A large body of additional evidence indicates that B cells are abnormal in human SLE, with defects ranging from increased calcium flux on signaling through the BCR to high or aberrant expression of costimulatory molecules such as CD80, CD86, and CD40 ligand. B-cell alterations in SLE peripheral blood seem to be more prominent and fluid than in other autoimmune diseases. A range of abnormalities in B-cell homeostasis in SLE have been observed, including a naive B-cell lymphopenia, expansion of peripheral blood plasma cells, increased transitional B cells, and expansion of activated memory B-cell subsets.
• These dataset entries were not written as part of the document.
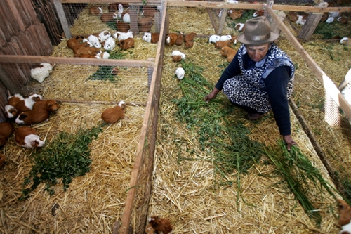 Teófila Anchahua in the highlands of Peru raises guinea pigs with the help of a microloan. Credit: Julio Angulo/IPS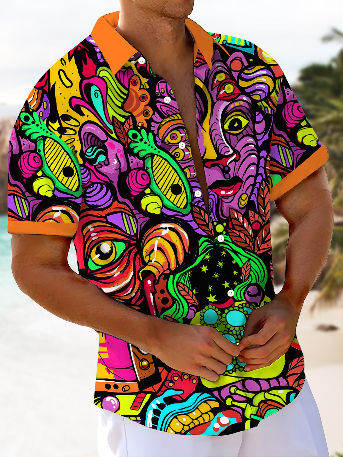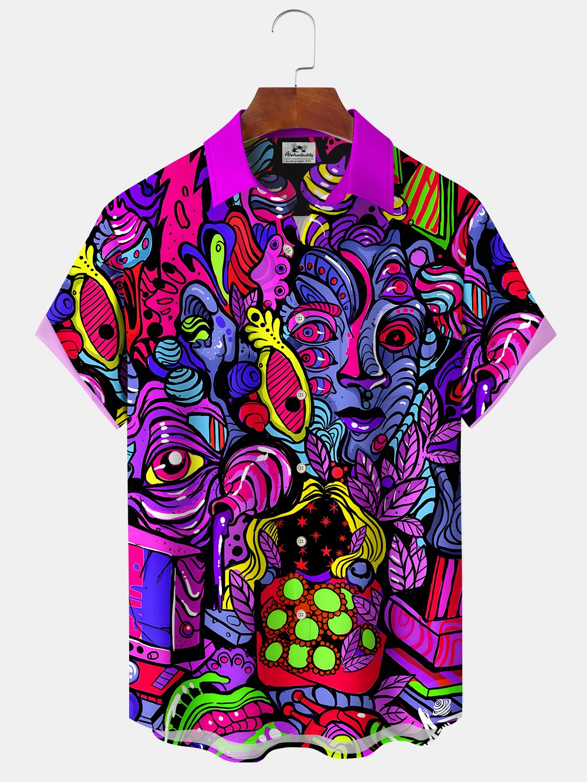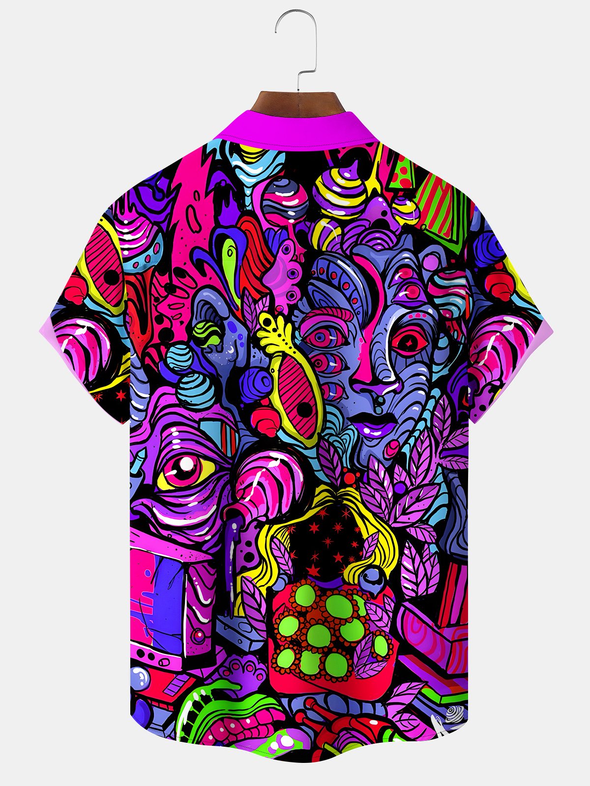 Alohadaddy Retro 70s Psychedelic Abstract Music Pocket Shirt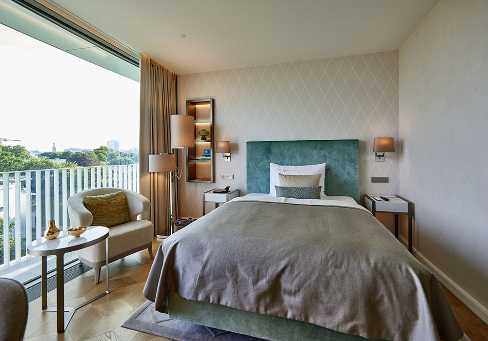 Der in der Hansestadt bestens vernetzte Architekt Jan Störmer hat sich die Sonderform aus drei ineinander übergehenden Kreisen bei einer Rast unter den schattigen Bäumen des parkartigen Geländes überlegt. Denn dieser nicht nur für Hotels eher untypische Grundriss bietet vor allem den Vorteil, dass es kein „Vorne“ und kein „Hinten“ gibt. Aus allen Fenstern schweift der Blick über Alster oder Innenstadt. Ein klarer Fortschritt, denn hätte sich Störmer auf traditionelle Weise an die Bebauung des Blockrandes gehalten, dann gäbe es eben ganz wenig „Vorne“ – und ziemlich viel „Hinten“. Möglich wurde dies durch den großzügigen Zuschnitt des Grundstücks und die bescheidene Flächenausnutzung. Große Rasenflächen und alter Baumbestand des ehemals ersten botanischen Gartens der Stadt Hamburg blieben erhalten. Der Hamburger Logistikunternehmer Klaus-Michael Kühne initiierte den Bau des 130-Zimmer-Hauses und hat damit Anteil an der angeblichen Milliarde, die in Hamburg derzeit für neue Hotels ausgegeben wird.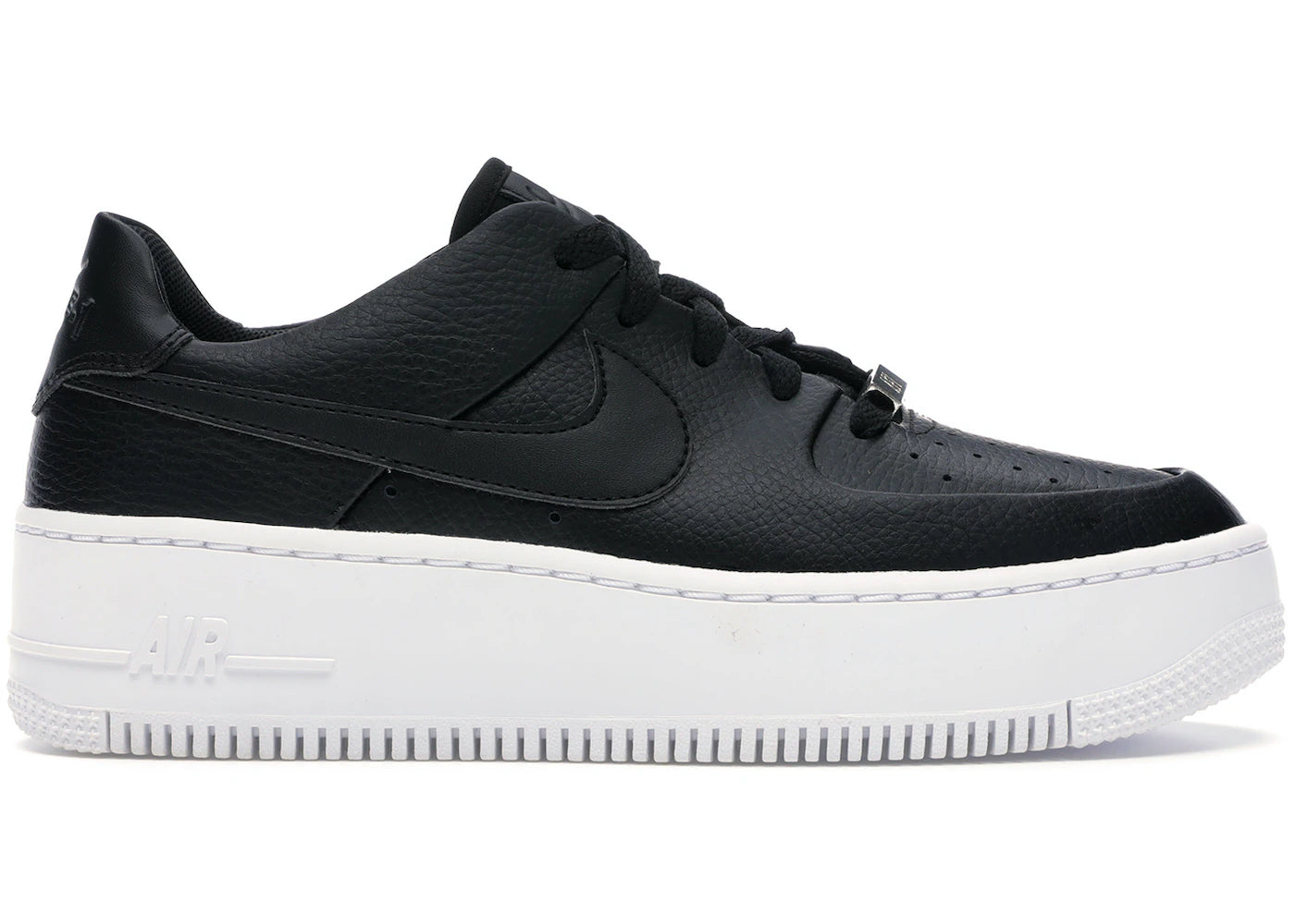 The Nike Air Force 1 Sage Low Black White W features a black leather upper with white Swoosh, heel tab, and midsole accents. Its platform sole updates the classic silhouette, while the padded collar and insole ensure comfort. Constructed with durable materials, it blends timeless style with modern details. Released on October 5, 2018, the Nike Air Force 1 Sage Low Black White W is available now at Side Kicks.

The authors surmise that this reflects the systemic nature of the autoimmune process with frequent cycles of activation, differentiation, and traffic between secondary lymphoid organs and target tissues. The frequency and absolute number of PCs in peripheral blood has correlated with disease activity and antidouble-stranded DNA (anti-dsDNA) titers. More recent studies have begun to refine subsets of PCs, including a human leukocyte antigen (HLA) dopamine receptor high fraction, that may better delineate plasmablasts enriched for autoreactivity and correlating with disease activity. Similarly, the authors’ group has elucidated the heterogeneity that exists in human B-cell memory and found that active patients with SLE have an expansion of effector memory B-cell populations positive for markers of homing to sites of systemic inflammation (CXCR3+) and negative for lymphoid homing markers (CD62L−). Other groups have found a subset of CD27-IgD-CD95+ memory B cells with an activated phenotype that correlated with disease activity and serologic abnormality. Abnormal expansion of peripheral blood B cells with a pre-GC phenotype has also been reported and proposed to indicate exuberant or abnormally regulated GC reactions in SLE. However, in many cases these cells may actually represent immature transitional B cells as opposed to pre-GC cells.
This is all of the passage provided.